10 thoughts on “A Weekend With An Owl God

  1. Are you saying that during the whole three trying days there was absolutely no shimmering vision of the knitting St. Yoko to strengthen your flagging faith?
    When I find myself in times of trouble I often see St. Yoko perched on a nearby amplifier knitting.

  2. I’m disconcerted by the conduct of this Owl God: if ‘making oneself at home’ for Aztec deities involves hawking up semi-digested gobbets (even of something as intrinsically appetising as LMP) then I am quite glad I don’t move much in such circles.

    Shades of ‘The Doubtful Guest’ here … a guest even more doubtful than Mr Gorey’s unsettling visitor. http://www.weis-family.org/dg1.jpg

  3. OutaSpaceman : Yoko Ono does not use wool for knitting. Her devotees wind it around their legs when standing in the street. The significance of this action is not yet clear to me, but enlightment will surely come after further years of study.

    R : Do not tar all Aztec gods with the same brush. Remember that Chalchiuhtecolotl is an owl god. Had the narrator been visited by, say, Huixtocihuatl, goddess of salt and saltwater, or Ometotchtli, the drunken rabbit god, things might have been quite different. And I think a few regurgitated gobbets of lemon meringue pie were far preferable to what would have happened if Itztlacoliuhqui-Ixquimilli had come barging in, it being a god of stone, obsidian, coldness, hardness, and, last but not least, castigation.

  4. The video you link to shows an example of blindfold knitting, which is another thing entirely. See Pebblehead’s bestselling paperback Chalk & Cheese : The Unbridgeable Gulf Between Knitting & Blindfold Knitting.

  5. Once again I must bow to your superior understanding and meekly point out that I incorrectly identified Our Blessed Yoko as ‘knitting’. The truth of course is that she is, in fact, crocheting.
    I shall now observe an hour long mortification of the flesh, hammer a nail into a piece of wood then take Linda Outa_Spaceman shopping in Brighton…..

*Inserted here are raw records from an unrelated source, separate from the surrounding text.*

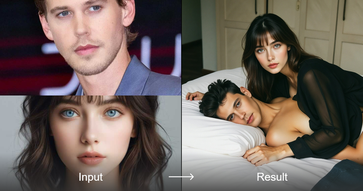 Create stunning group photos with the a1.art Bedroom Couple P2 converter, featuring a photorealistic style and a retro aesthetic perfect for Instagram.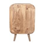 A natural wood side cabinet featuring a rounded barrel silhouette with vertical fluted detailing and splayed legs - Modera Furnish.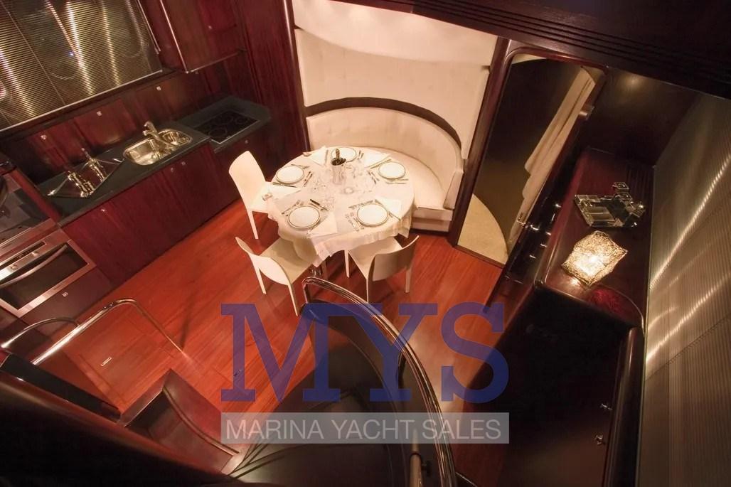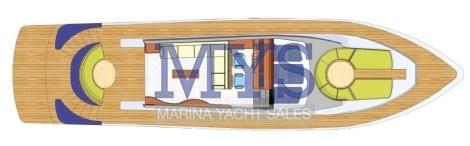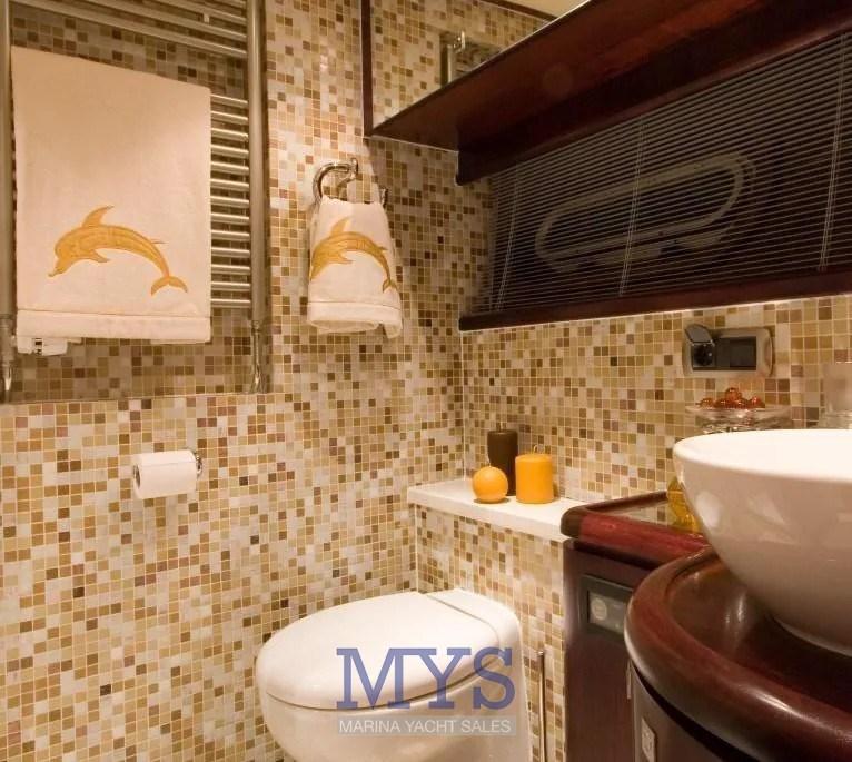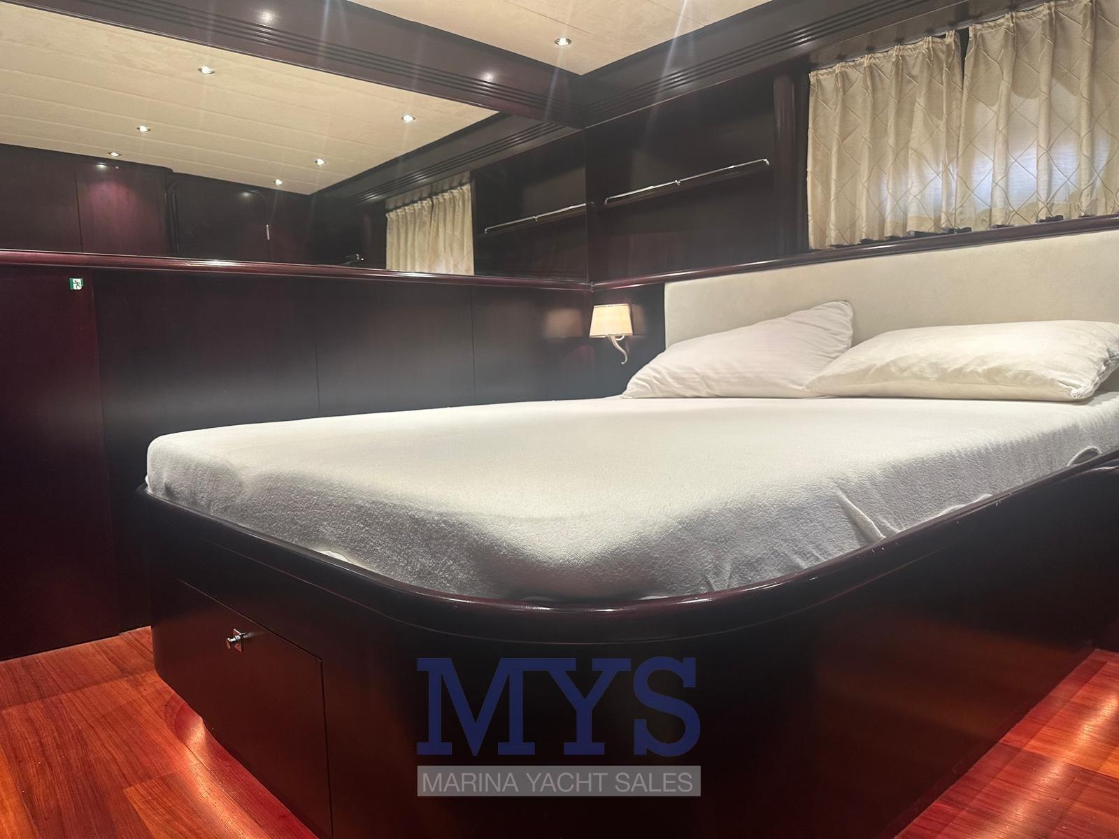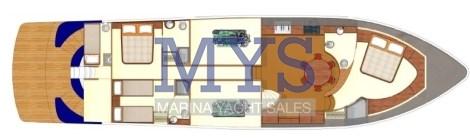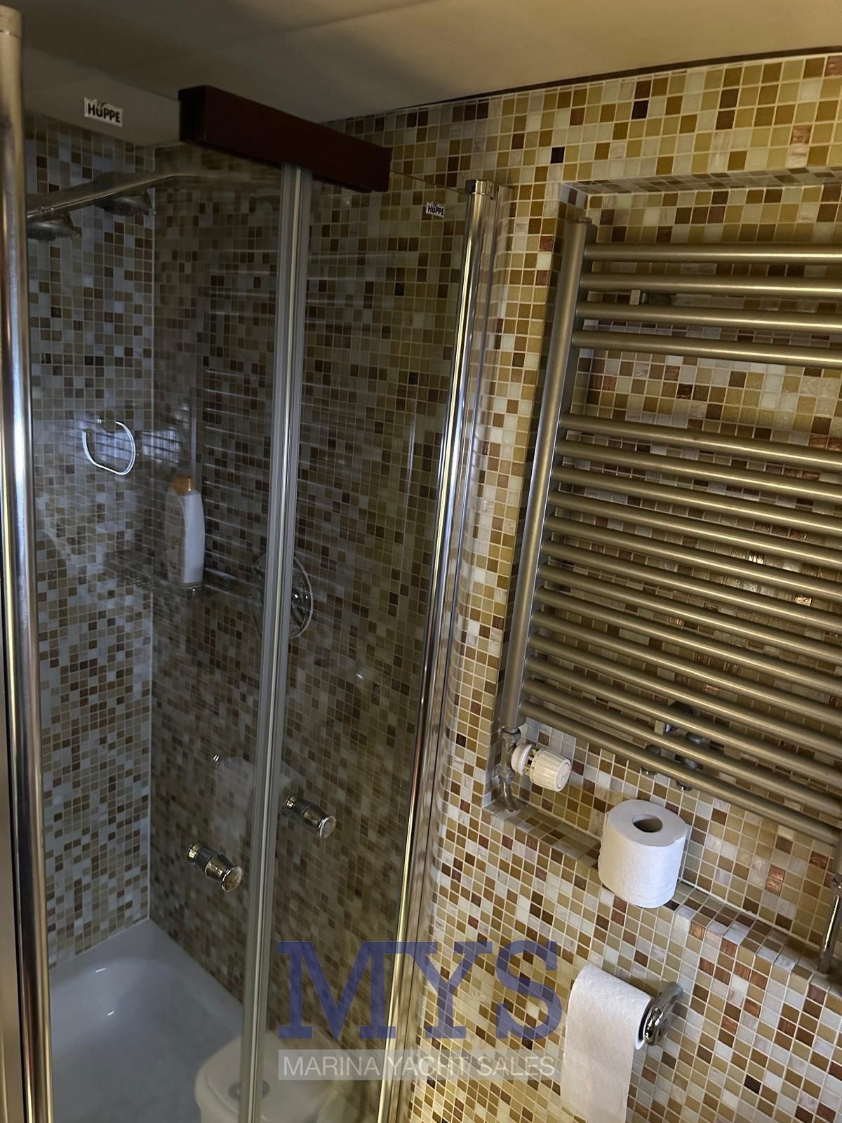 Cabine principale descendant les marches avant avec salle de bain avec bidet et cabine de douche séparée, cabine VIP pour invités avec lit double à l’arrière, cabine avec 2 lits séparés au sol plus un lit pullman, 3 salles de bains, logement pour l’équipage avec accès séparé depuis la plateforme arrière avec salle de bain.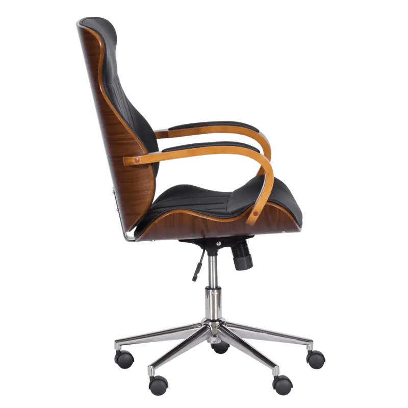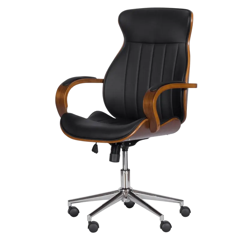 Директорски стол ПИМЕН е удобен и стилен модел с луксозен дизайн, който съчетава дърво, хром и черна еко кожа. Ако търсите елегантна визия, комфорт и висококачествена изработка, той е идеалният избор.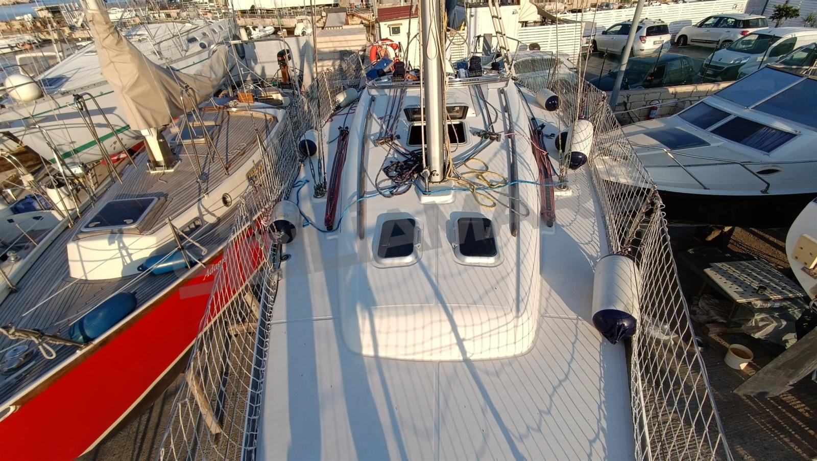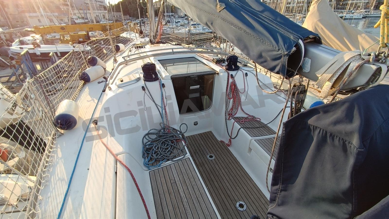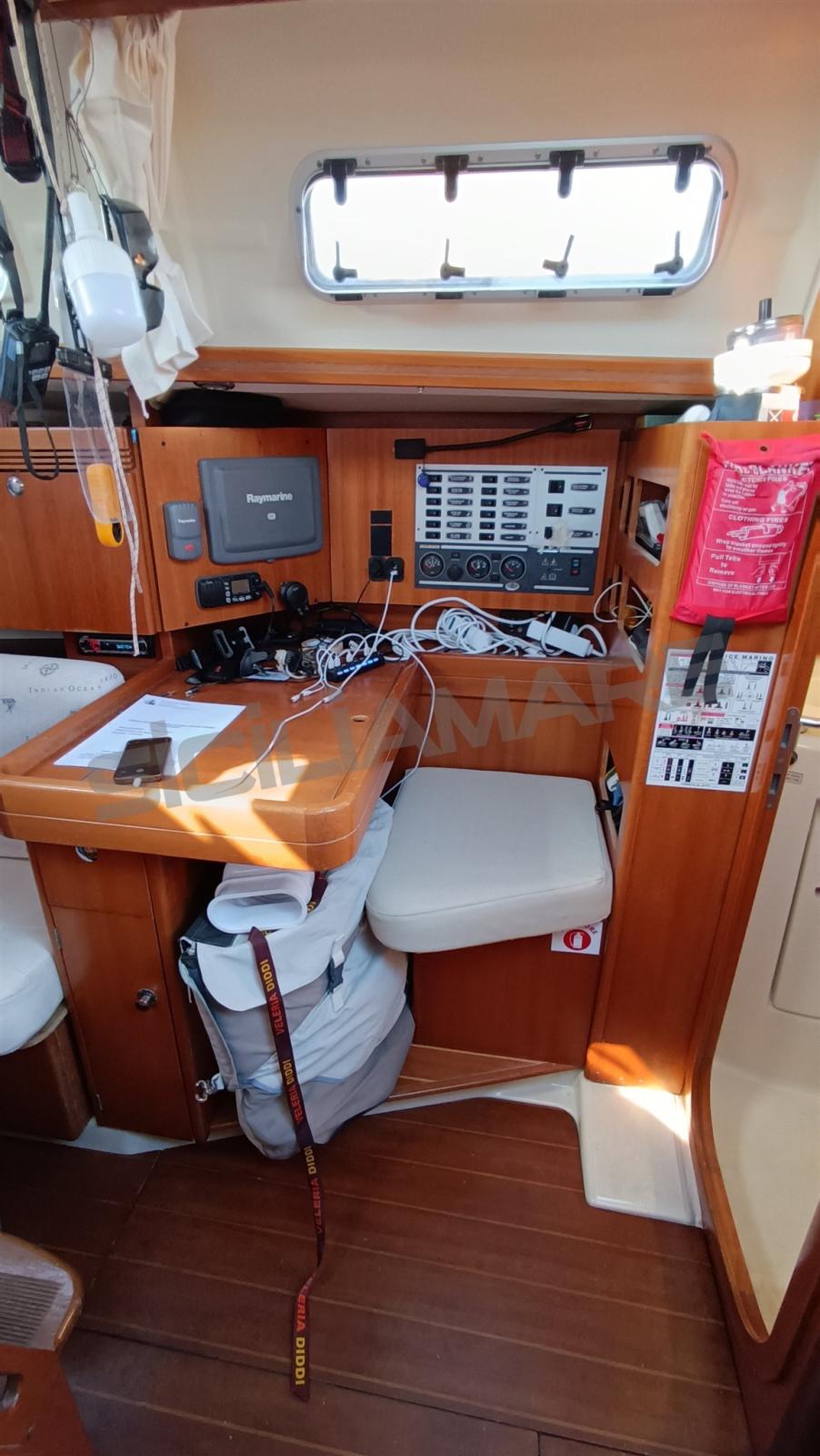 Alarme moteur, Alarme de pompe de cale, Eau sous pression, Douche de cockpit, Phares fixes arrière, Éclairage de courtoisie, Moteur d'annexe, Panneau solaire, Passerelle, Pompe de cale automatique, Pompe de cale manuelle, Cockpit en teck, Prise de quai, Répétiteur électronique, Guindeau électrique, Gréement Rod, Echelle de bain, Chaise support HB, table de cockpit, Table pliante de salon, Annexe, Corne, 4 Winch, Windex.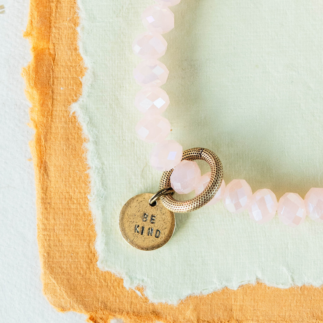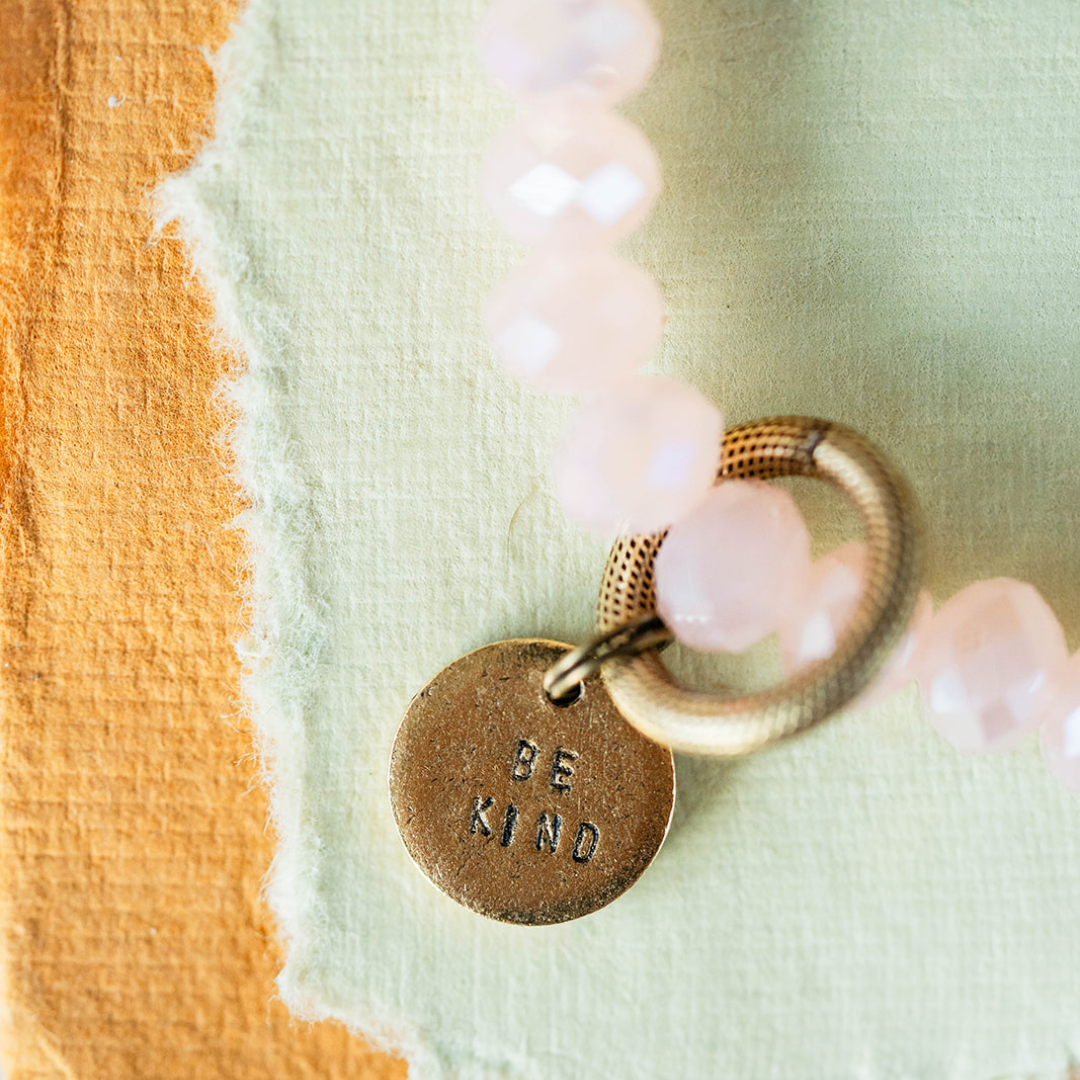 Mantra Bracelet | Stamped Mantra Charm on Crystal Bangle: Be Kind / Gold Plated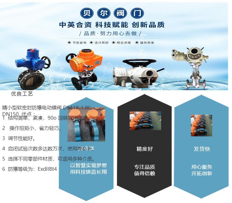 贝尔阀门 精小型软密封防爆电动蝶阀 D941X-1.0C DN150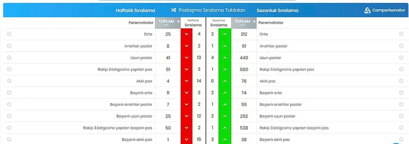 Fenerbahçe'nin Comparisonator'da yer alan pas istatistikleri şöyle: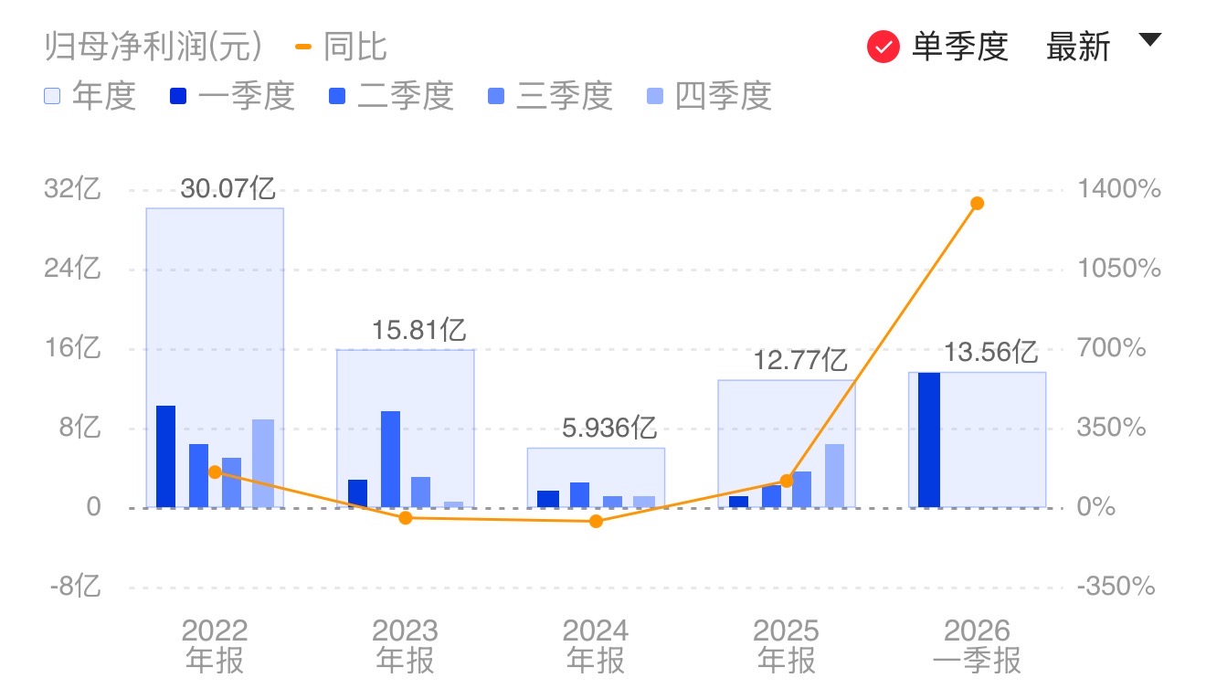 财联社4月27日电,湖南裕能(301358.SZ)公告称,2026年第一季度实现营业收入149.65亿元,同比增长121.31%;归属于上市公司股东的净利润为13.56亿元,同比增长1337.77%。业绩变动主要系本报告期磷酸盐正极材料销售数量较上年同期增长,同时碳酸锂等材料价格上涨带动产品销售价格提升,营业收入随之同比增长。小财注:湖南裕能2025年Q4净利6.32亿元,据此计算,2026年Q1净利环比增长114.57%。

  6. “Had the narrator been visited by, say, Huixtocihuatl, goddess of salt and saltwater, or Ometotchtli, the drunken rabbit god, things might have been quite different. And I think a few regurgitated gobbets of lemon meringue pie were far preferable to what would have happened if Itztlacoliuhqui-Ixquimilli had come barging in, it being a god of stone, obsidian, coldness, hardness, and, last but not least, castigation.”
    Personally, I fear for your continued well-being in light of the above. Ometochtli might seem like a nice enough, if somewhat uncoordinated fellow, but his visitations are invariably followed by follow-up nuisance calls from Papaztac, Quatlapanqui and their kind. Say what you like about Itzlacoliuhqui, but at least you know where you are with him, plus he’s not exactly Sebastion Coe in the foot department and is therefore, much like any classic slow-moving Doctor Who monster, easily eluded.

  7. CMA : The idle reader may find your last comment persuasive. You have clearly not read Dobson’s out of print pamphlet How Itztlacoliuhqui-Ixquimilli Obtained A Booster Pack To Counter His Slow-Moving Nature, With Devastating Effects In The Castigation Department.

  8. Whilst I make no claim to have imbibed said pamphlet at a personal level, I have enjoyed (from a distance) several discourses upon its merits (or otherwise) during which at least one person cast doubts upon its legitimacy given the apparent inclusion of Big Bird’s Book of Words in the bibliography. Mind you, perhaps my fear of puppetry and the like has predjudiced my views somewhat. Perhaps it is time I reassessed my position on this matter.
    Though fast or slow, I still say you know where you stand with Old Frosty, and furthermore, it probably depends upon whether one has perpetrated any deed which might warrant castigation – wouldn’t you agree? Hmmmm?